Bird of Prey

Airbus has unveiled a stunning conceptual design for a new airliner that pushes the boundaries of technology and innovation with its bird-like appearance, created to inspire a new generation of aeronautical engineers.

The design isn’t just a flight of fancy though, dubbed the ‘Bird of Prey’ due to wing and tail structures which mimic those of an eagle or falcon, it features individually controlled feathers providing active flight control meaning it could actually fly.

Even the split tail enables fine control while the lack of a vertical tail significantly reduces drag. Among the other biomimicry features are a blended wing to fuselage joint mirroring the graceful and aerodynamic arch of a bird of prey. It’s not just an elegant design, it showcases the future capabilities of airframe design spearheaded by the UK’s world-class aerospace industry.

Bird of Prey Model

Sadly, before you start looking to purchase tickets, the Bird of Prey is not intended to represent an actual aircraft concept; its primary purpose is to inspire young engineers meaning we probably won’t ever see it in the skies above us. However, the concept is grounded in reality and gives an insight into what a future regional aircraft could look like. It is an extrapolation of what could be done with technologies that currently form the basis of research within Airbus, such as hybrid-electric propulsion to reduce atmospheric emissions, active control systems and advanced composite structures.

Bird of Prey Leaflet

The UK is unique in having widespread presence in advanced engineering and a thriving digital sector. Bringing those together with the imagination of a younger generation is intended to give the UK a lead in the global re-engineering of engineering itself.

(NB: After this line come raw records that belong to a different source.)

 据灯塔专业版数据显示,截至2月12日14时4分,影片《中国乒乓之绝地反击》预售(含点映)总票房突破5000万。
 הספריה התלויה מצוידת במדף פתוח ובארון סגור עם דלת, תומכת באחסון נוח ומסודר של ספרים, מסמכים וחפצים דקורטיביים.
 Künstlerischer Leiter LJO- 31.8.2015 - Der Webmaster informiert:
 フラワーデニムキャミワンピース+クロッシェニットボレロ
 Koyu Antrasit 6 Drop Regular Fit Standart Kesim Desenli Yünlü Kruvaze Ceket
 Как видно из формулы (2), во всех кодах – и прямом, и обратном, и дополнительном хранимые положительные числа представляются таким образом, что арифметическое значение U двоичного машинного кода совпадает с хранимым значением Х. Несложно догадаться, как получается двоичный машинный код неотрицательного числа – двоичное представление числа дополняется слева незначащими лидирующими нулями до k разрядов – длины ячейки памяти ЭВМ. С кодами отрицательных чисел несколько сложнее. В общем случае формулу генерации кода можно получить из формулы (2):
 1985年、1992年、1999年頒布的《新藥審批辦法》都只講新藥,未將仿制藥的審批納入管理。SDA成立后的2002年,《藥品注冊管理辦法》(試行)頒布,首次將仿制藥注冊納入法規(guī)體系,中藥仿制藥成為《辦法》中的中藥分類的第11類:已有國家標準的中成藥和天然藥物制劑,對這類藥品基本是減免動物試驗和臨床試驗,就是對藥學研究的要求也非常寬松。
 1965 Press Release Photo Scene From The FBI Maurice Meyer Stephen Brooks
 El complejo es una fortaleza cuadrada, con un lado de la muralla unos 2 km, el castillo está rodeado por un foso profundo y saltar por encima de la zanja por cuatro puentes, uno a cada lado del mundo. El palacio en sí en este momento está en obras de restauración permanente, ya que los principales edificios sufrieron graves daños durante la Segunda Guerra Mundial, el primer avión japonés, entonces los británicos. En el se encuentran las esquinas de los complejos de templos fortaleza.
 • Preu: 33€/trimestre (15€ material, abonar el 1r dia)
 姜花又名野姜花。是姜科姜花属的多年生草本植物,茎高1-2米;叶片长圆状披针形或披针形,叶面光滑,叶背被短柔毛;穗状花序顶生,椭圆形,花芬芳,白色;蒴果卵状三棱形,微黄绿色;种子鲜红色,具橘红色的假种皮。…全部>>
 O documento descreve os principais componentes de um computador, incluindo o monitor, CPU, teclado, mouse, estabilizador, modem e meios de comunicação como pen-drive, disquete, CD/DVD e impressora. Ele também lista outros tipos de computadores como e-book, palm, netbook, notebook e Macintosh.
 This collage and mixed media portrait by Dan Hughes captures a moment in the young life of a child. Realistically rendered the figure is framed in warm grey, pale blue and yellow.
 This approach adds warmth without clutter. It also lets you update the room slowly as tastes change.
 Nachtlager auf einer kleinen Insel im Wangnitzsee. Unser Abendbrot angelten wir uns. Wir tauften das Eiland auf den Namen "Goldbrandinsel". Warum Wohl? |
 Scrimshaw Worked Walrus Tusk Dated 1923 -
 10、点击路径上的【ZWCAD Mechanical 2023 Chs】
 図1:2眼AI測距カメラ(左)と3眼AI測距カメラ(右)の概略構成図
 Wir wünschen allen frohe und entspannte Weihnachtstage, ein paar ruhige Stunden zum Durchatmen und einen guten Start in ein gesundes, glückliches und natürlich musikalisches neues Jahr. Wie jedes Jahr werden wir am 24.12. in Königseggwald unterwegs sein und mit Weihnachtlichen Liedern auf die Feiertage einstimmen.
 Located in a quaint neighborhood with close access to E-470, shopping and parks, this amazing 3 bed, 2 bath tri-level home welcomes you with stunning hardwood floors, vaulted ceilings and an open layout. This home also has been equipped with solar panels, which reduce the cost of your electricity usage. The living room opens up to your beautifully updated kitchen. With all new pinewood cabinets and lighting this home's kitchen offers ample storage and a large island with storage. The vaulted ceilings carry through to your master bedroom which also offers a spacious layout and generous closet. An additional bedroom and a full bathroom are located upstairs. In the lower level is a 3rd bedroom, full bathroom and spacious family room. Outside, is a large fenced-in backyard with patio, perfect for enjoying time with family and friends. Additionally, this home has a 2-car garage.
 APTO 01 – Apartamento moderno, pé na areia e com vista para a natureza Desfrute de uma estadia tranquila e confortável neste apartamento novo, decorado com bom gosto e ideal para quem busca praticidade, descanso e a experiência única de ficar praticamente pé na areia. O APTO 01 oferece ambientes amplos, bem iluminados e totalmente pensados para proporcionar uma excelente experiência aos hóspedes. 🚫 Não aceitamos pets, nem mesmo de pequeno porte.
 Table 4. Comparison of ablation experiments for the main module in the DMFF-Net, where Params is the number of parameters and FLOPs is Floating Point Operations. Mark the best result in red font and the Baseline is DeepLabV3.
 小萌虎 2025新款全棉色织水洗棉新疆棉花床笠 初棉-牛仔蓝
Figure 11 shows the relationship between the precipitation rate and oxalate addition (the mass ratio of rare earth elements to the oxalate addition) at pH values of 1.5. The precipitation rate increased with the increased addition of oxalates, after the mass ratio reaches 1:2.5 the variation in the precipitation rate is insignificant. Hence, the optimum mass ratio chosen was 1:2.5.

Martin Aston, Senior Manager at Airbus said about the project, “The Bird of Prey is designed to be an inspiration to young people and create a “wow” factor that will help them consider an exciting career in the UK’s crucially-important aerospace sector. One of the priorities for the entire industry is how to make aviation more sustainable – making flying cleaner, greener and quieter than ever before.”

From someone who has worked in the aviation industry for two decades, there are many ways that young eager talent can get involved. If you are inspired by engineering, flight, piloting or even airline management, there are multiple ways to get started, but most of these are rooted in a good education, or failing that, at least work experience in a similar field. The industry more than ever needs innovative new minds to help challenge the increasing pressures placed on the industry, and now, like every year before remains an amazing time to enter the industry.